Plasmonically-Active Nanomaterials for Enhanced Second-Harmonic Generation and Chemical Reactions
Abstract
Upon excitation by an electromagnetic field, metallic nanomaterials will produce highly localized areas of electromagnetic enhancement, a phenomenon known as localized surface plasmon resonance (LSPR), which can be applied to a variety of techniques including second-harmonic generation (SHG) and surface chemistry. These tunable LSPRs can be modelled prior to fabrication by finite-difference time-domain (FDTD) calculations and observed experimentally by SHG microscopy (SHGM). In this thesis, two types of nanomaterials were characterized using SHGM: plasmon-active dendritic fractals (dendrimers) and transition-metal dichalcogenides (TMDs). Dendrimers with specific geometries and LSPRs were used to demonstrate how nanomaterial symmetry affects SHG as well as how local non-centrosymmetric instances can induce SHG responses in otherwise forbidden circumstances. This introduces an in-depth analysis on the effects of plasmon active dendrimers with specific geometries, and how to enhance their nonlinear optical properties. TMDs were analyzed using polarization-dependent SHG and were subsequently functionalized with an organic dye to visualize its effect on the SHG signal. Commercial applications of nonlinear optical processes from plasmonic metamaterials or crystalline materials open a wealth of applications in fiber-optic communications, sensing in biology, photonics filters as well as efficient light conversion and tuning.

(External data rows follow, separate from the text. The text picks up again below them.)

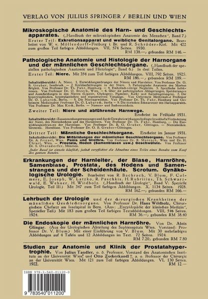 I. Einführung.- II. Allgemeine Übersicht.- III. Der Hoden (Testis).- A. Die Entwicklung.- B. Der Hoden des Erwachsenen.- C. Der Hoden des Greises.- D. Das Hodennetz und der Bindegewebskörper (Rete testis, Mediastinum testis).- IV. Der Nebenhoden (Epididymis).- A. Die Entwicklung.- B. Der Nebenhoden des Erwachsenen.- V. Die Anhänge des Hodens und des Nebenhodens (Appendices testis et epididymidis).- A. Der Hodenanhang (Appendix testis).- B. Der Nebenhodenanhang (Appendix epididymidis).- C. Die Anhänge des Hodennetzes (Appendices rete testis).- D. Der Beihoden (Paradidymis).- E. Die abirrenden Nebenhodengänge (Ductuli aberrantes).- F. Die serösen Hodenbläschen (Vesiculae serosae tunicae albugineae).- VI. Der Samenleiter und die Bläschendrüse (Ductus deferens, Glandula vesiculosa).- A. Die Entwicklung.- B. Der Samenleiter (Ductus deferens).- C. Die Bläschendrüse (Glandula vesiculosa).- VII. Die Harnröhre (Urethra virilis).- A. Die Einteilung.- B. Die Form der einzelnen Abschnitte und ihrer Falten.- C. Der Feinbau der Schleimhaut.- D. Zusammenfassung der Befunde über die Harnröhrenschleimhaut.- VIII. Die Vorsteherdrüse (Prostata).- A. Die Entwicklung.- B. Die Vorsteherdrüse des Erwachsenen.- C. Die Vorsteherdrüse des Greises.- D. Der Utriculus prostaticus.- IX. Die Bulbourethraldrüse (Glandula bulbourethralis).- X. Die Paraurethraldrüsen (Glandulae paraurethrales).- XI. Die paraurethralen Gänge (Ductuli paraurethrales).- XII. Die Rute (Penis, Membrum virile).- A. Die Entwicklung.- B. Die Rute des Erwachsenen.- C. Die Rute des Greises.- XIII. Der Samenstrang (Funiculus spermaticus).- A. Der Inhalt.- B. Die Hüllen.- XIV. Die Hodenhüllen.- A. Die inneren Hüllen.- B. Die Haut des Hodensackes.- Namenverzeichnis.
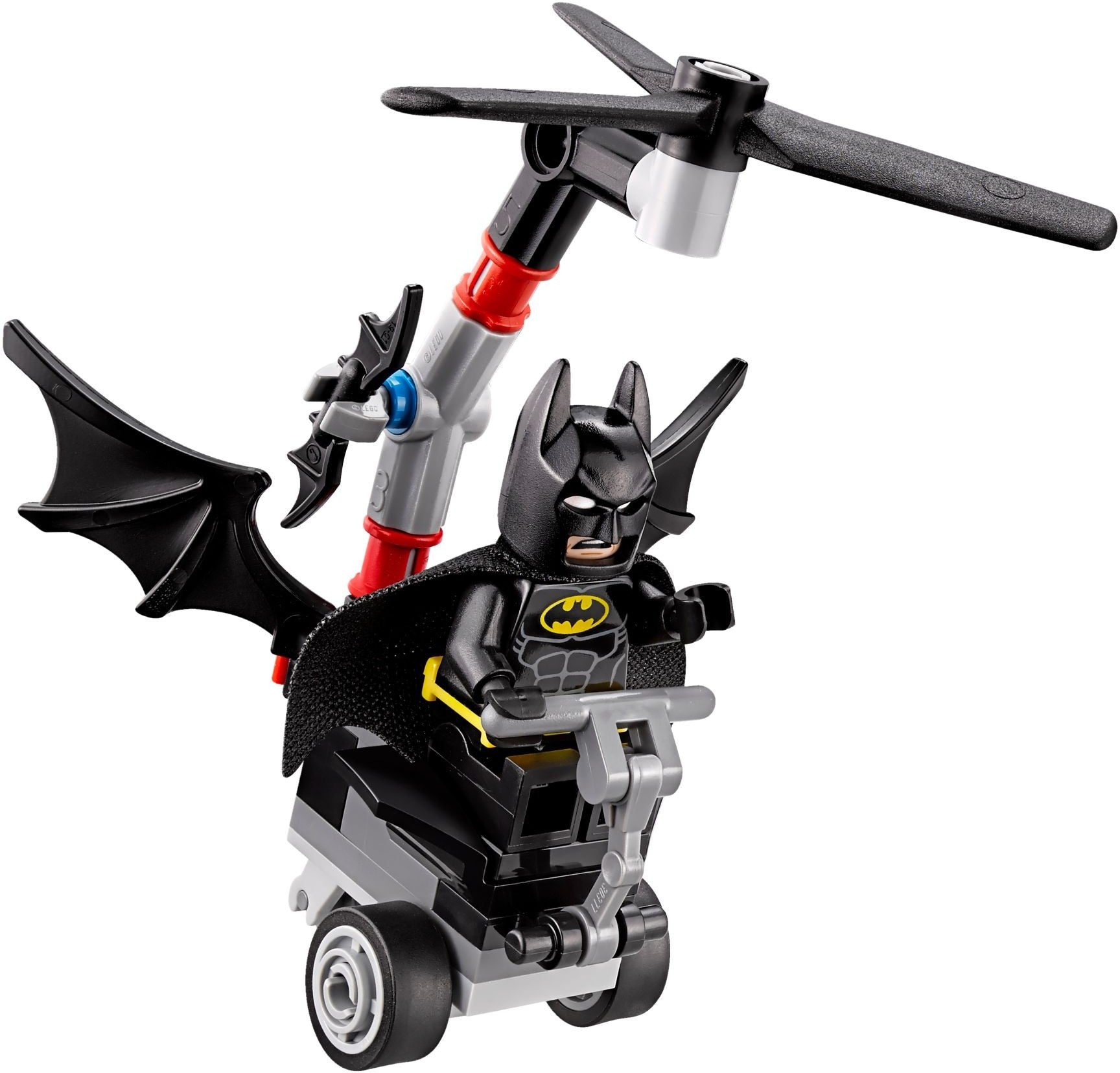 Stop Bane™ and Mutant Leader’s toxic attacks with Batman™ in this exciting THE LEGO® BATMAN MOVIE: Bane™ Toxic Truck Attack set, including Bane’s Toxic Truck, Batman’s Whirly-Bat flyer, and a toxic waste mini-build with explode function. The 6-wheel truck features rear 4-wheel suspension and a mounted 6-stud rapid shooter and detachable toxic tank element. Includes 2 minifigures, a big figure, and assorted play-inspiring weapons and accessory elements, including Batman’s Batarang, the Mutant Leader’s torch, and Bane’s Venom backpack.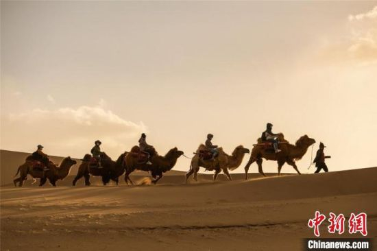 原标题:敦煌月牙泉添"古风"元素:驼户穿"胡服"行走大漠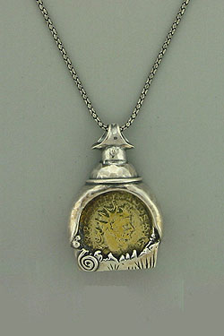 In Israel the love for ancient history is reflected on its unique fashion and meaningful look. This contemporary and hammered pendent frame with a replica of an ancient coin contributes to his unique-energy in jewelry and its popularity.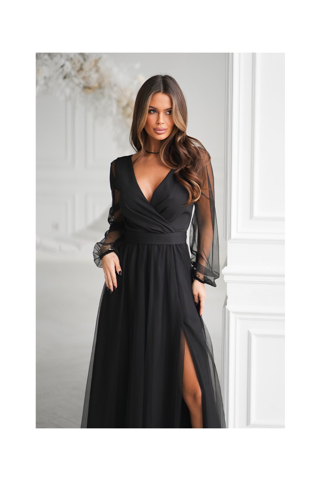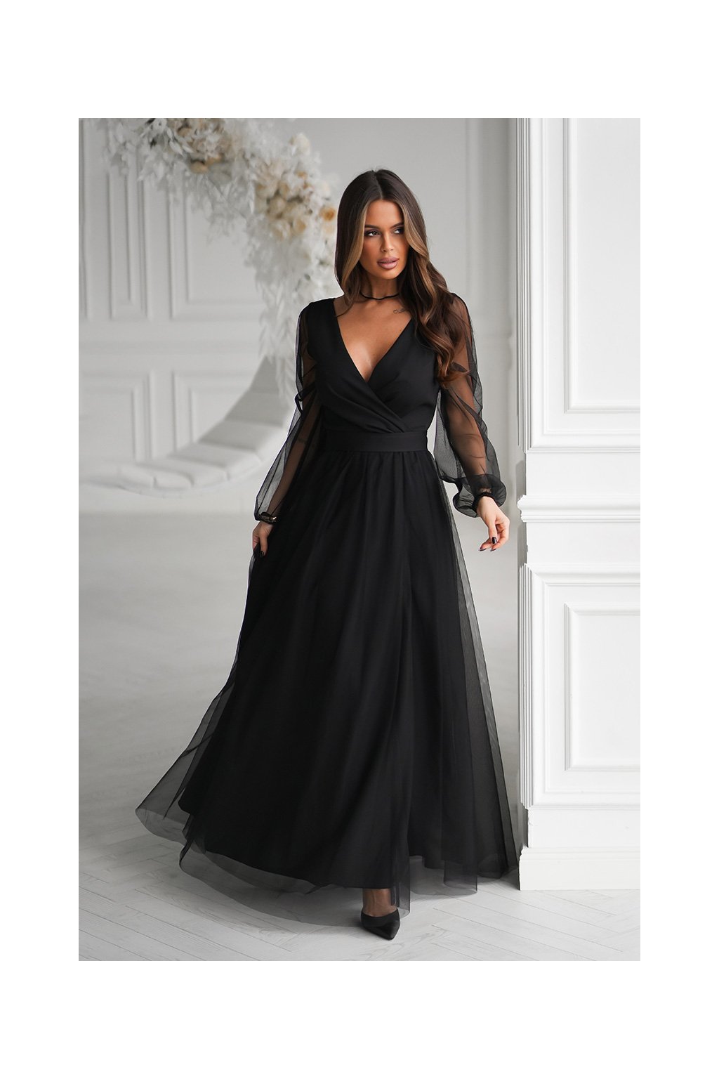 Společenské šaty s rukávem model Elara v černé barvě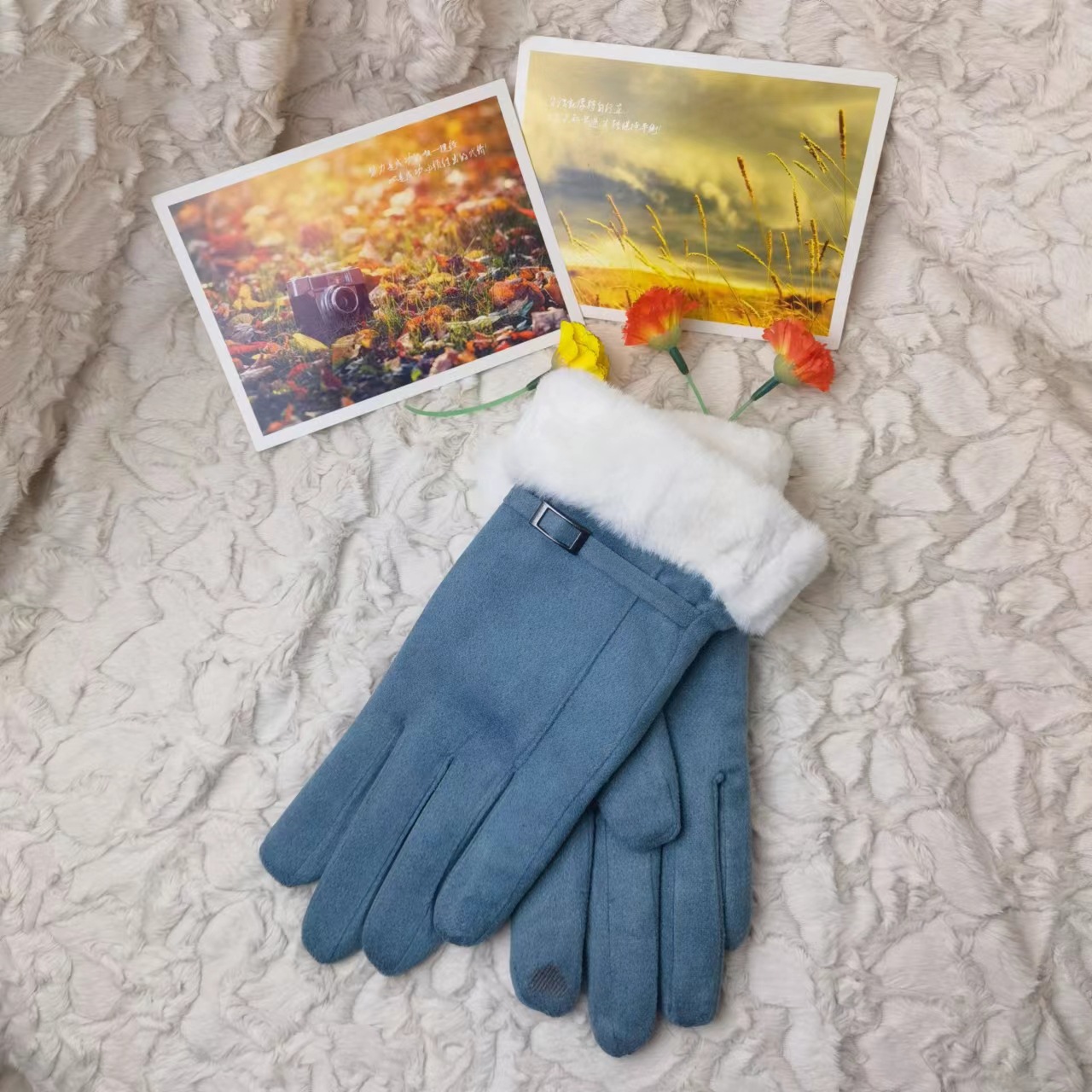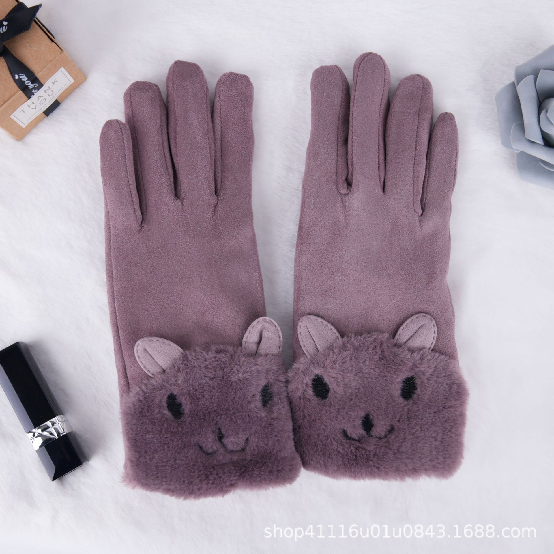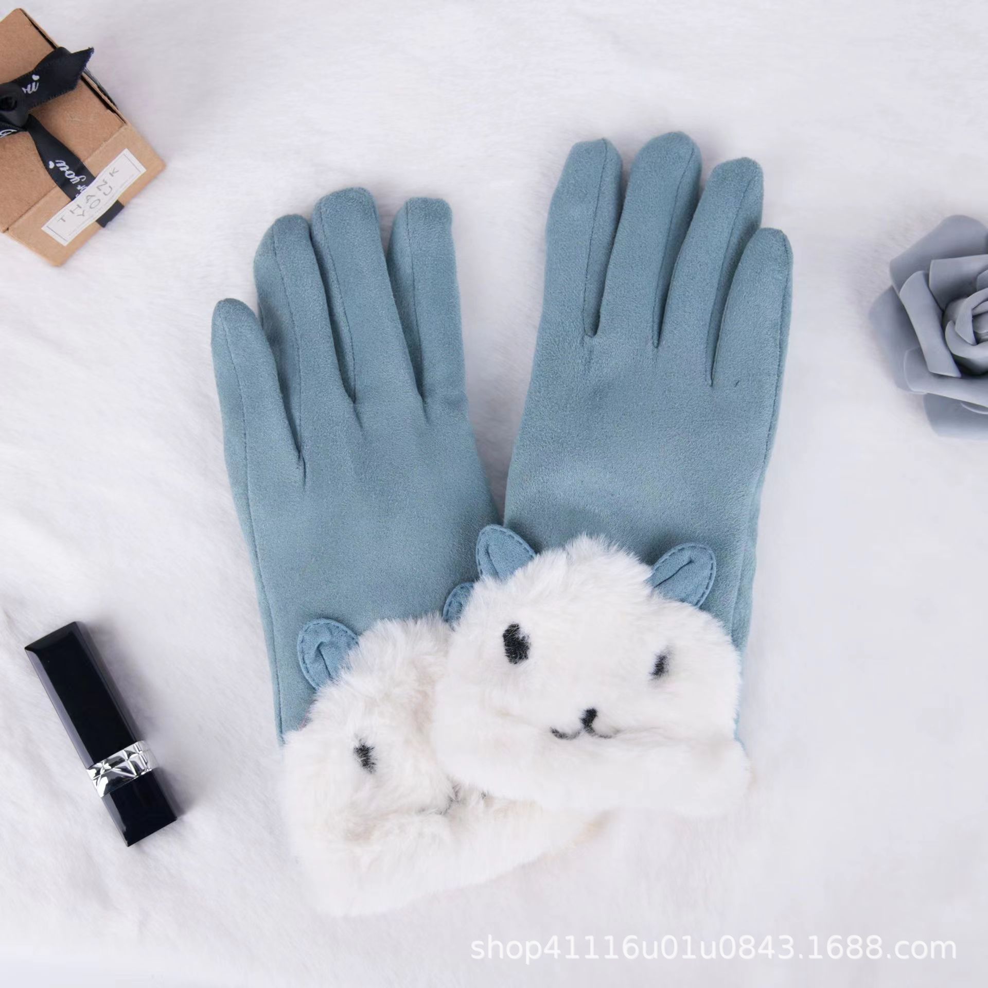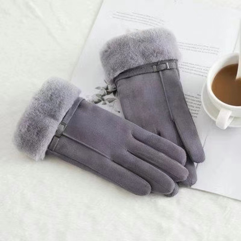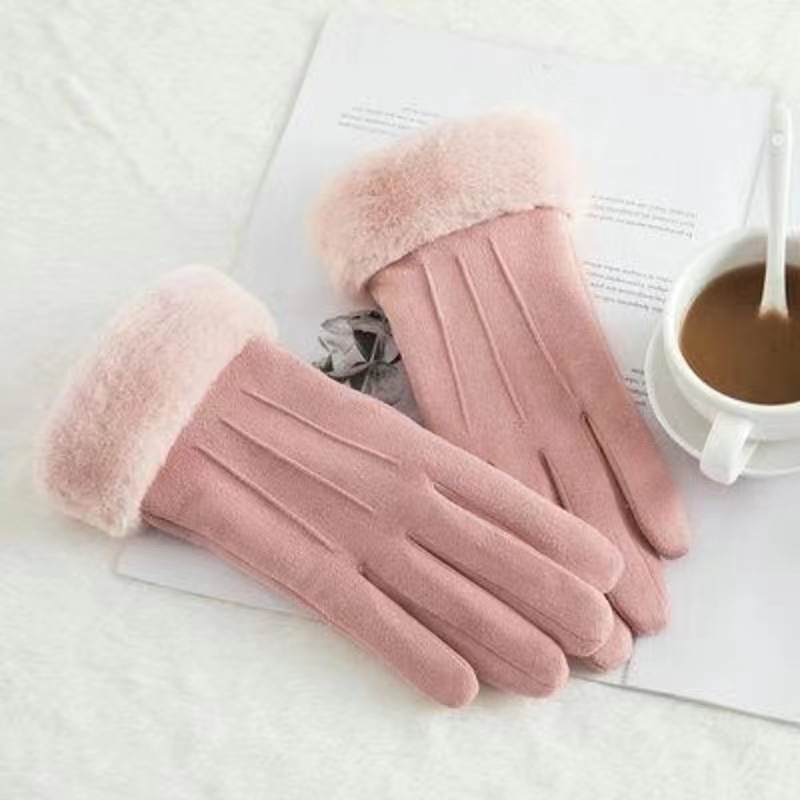 따뜻한 장갑 여성 겨울 장갑 스웨이드 기모 따뜻한 사이클링 가을과 겨울 귀여운 터치 스크린 장갑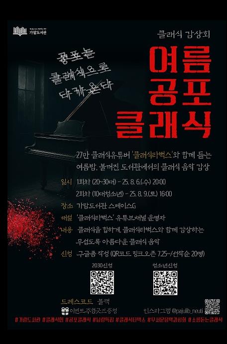 파주시 가람도서관, 엠제트(MZ)세대와 함께하는 납량특집 '여름 공포 클래식 감상회' 운영

Laser-induced periodic surface structures (LIPSS) are generated upon irradiation at the surface of a material with repeating features. Reported in this thesis are LIPSS created on glass with a single wavelength, followed by substrates prepared by nanosphere lithography, and the effects of the structure shape and size by the resulting LSPRs was analyzed. Crosshair structures were also computationally modelled and fabricated to exhibit up to three distinct LSPRs in the visible spectral region and irradiated at three distinct wavelengths and two polarizations. The resulting grafting patterns were compared to the FDTD-modelled hotspots, which demonstrated three different grafting patterns at both incident polarizations. These could lead to applications such as surface specific and polarization dependent diagnostic tools, variable gratings on a single substrate, multi-coloured nanoemitters, and more.